The film progresses through a collection of events – some humorous and sweet, others troubling and complex – which culminate in the final sequence, an expressionistic musical number in which our protagonist Pam (Gabrielle Shornegg) is joined by Gloria (Marina Knight) and Stella (Geraldine Haywood) to perform a haunting song entitled “I Feel the Cold”. The motif of “cold” runs through the entire film, with recurring references to heaters as a way for Campion to play gently with the subtext that she explores in this final sequence.

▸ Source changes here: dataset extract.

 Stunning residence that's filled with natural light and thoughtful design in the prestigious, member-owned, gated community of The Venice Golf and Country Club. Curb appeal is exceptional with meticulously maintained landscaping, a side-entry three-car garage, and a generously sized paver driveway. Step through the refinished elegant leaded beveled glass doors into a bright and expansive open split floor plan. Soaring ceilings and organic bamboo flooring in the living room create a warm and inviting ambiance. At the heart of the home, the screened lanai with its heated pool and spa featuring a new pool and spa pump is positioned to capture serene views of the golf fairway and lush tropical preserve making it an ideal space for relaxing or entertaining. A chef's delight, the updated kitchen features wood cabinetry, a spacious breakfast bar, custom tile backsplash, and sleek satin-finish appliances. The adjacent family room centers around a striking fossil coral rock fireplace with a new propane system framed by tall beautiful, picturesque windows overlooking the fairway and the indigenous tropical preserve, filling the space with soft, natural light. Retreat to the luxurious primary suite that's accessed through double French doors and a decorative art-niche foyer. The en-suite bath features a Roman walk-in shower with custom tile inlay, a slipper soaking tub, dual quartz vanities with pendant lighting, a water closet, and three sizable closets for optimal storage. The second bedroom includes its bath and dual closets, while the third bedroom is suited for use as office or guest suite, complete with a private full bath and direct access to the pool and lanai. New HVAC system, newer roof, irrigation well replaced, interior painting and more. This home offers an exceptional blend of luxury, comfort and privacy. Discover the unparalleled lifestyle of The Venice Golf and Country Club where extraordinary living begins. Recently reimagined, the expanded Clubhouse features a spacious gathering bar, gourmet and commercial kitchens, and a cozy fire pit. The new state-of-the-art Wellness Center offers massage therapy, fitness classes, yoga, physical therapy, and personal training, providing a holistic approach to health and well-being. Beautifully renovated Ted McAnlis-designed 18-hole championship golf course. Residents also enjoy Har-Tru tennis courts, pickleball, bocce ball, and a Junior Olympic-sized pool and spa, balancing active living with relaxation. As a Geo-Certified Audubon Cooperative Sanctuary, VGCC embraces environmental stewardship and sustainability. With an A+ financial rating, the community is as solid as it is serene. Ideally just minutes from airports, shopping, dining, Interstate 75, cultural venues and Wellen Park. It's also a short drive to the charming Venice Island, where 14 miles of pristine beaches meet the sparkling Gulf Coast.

The sequence begins with Pam ascending the staircase in her house, escaping the distressing behaviour of her parents below, who are absorbed in a lustful embrace following a heated argument. When Pam reaches the top of the stairs, she stands in a doorway, dressed in a loose white nightgown that billows in an unheard wind. She begins to sing the refrain “I feel the cold” while images of ice-skating are projected over her body. She is joined by Gloria and Stella, dressed in white singlets, all three girls standing in ominous darkness while they sing. The sequence continues with images of each girl eerily waving her hands in front of an offscreen heater, their eyes sad and lost. At one point, the choral refrain subsides whilst Pam performs (in voice-over) a spoken word interlude. In a hushed voice, she asks “Will I melt away?”. As Pam’s spoken words are uttered, we are presented with shots of a man’s hand running along Pam’s arms and legs inter-cut with tight close-ups of Pam’s face, wary and frightened, as her voice-over continues: “It feels cold, this warmth.” These images, together with Pam’s voice-over, stitch together the conceptual fabric of young female sexuality and Pam’s carnal fears that underpin this haunting moment. The sequence concludes with the girls seated next to small heaters on a tiled floor, while the final lyric (“I want melt away”) is repeated ominously.

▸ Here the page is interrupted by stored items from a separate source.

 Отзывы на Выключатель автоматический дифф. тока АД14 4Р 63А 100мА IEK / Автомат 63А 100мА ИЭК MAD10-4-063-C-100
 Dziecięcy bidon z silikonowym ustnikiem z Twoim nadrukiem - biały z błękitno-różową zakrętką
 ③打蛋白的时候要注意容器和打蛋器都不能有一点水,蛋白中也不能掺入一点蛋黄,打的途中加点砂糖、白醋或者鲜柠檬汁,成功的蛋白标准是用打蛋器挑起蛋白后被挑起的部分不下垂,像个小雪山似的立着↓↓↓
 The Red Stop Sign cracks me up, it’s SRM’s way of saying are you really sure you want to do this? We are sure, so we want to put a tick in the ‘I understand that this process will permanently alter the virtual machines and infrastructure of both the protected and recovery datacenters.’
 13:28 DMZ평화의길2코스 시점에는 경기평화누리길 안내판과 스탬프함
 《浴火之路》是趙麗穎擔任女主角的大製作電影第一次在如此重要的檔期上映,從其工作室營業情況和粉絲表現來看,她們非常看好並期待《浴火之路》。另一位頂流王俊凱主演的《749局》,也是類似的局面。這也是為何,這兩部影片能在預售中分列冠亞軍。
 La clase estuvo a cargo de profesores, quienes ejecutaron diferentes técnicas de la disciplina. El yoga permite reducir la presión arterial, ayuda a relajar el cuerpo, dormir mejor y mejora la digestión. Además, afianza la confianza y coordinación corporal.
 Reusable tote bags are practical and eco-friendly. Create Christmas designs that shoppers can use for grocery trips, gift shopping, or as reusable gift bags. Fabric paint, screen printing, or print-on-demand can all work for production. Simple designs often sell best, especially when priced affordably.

In this evocative sequence, Campion explores (so beautifully) new ways in which to express her characters’ fears and isolation. This moment hints towards ideas and styles Campion will later develop and explore, like the graceful femininity of the ice-skating she revisits in In the Cut (2003) or the emotional isolation of women and the historical perspective she utilises in An Angel at My Table (1990), The Piano (1993) and The Portrait of a Lady (1996). In this moment, Campion also finds one of her earliest platforms for experimenting with expressionistic conventions of cinema like the chiaroscuro-style lighting of Ingmar Bergman, the inky suburban subconscious of David Lynch and Peter Weir’s haunting images of lost girls.

Campion’s body of work is characterised by audacious honesty and creative integrity. In the intimate sexuality, recurring motifs and embedded humour, tenderness and pathos of the closing sequence of A Girl’s Own Story, the viewer is touched by an exquisite moment that is the mark of a visually profound auteur.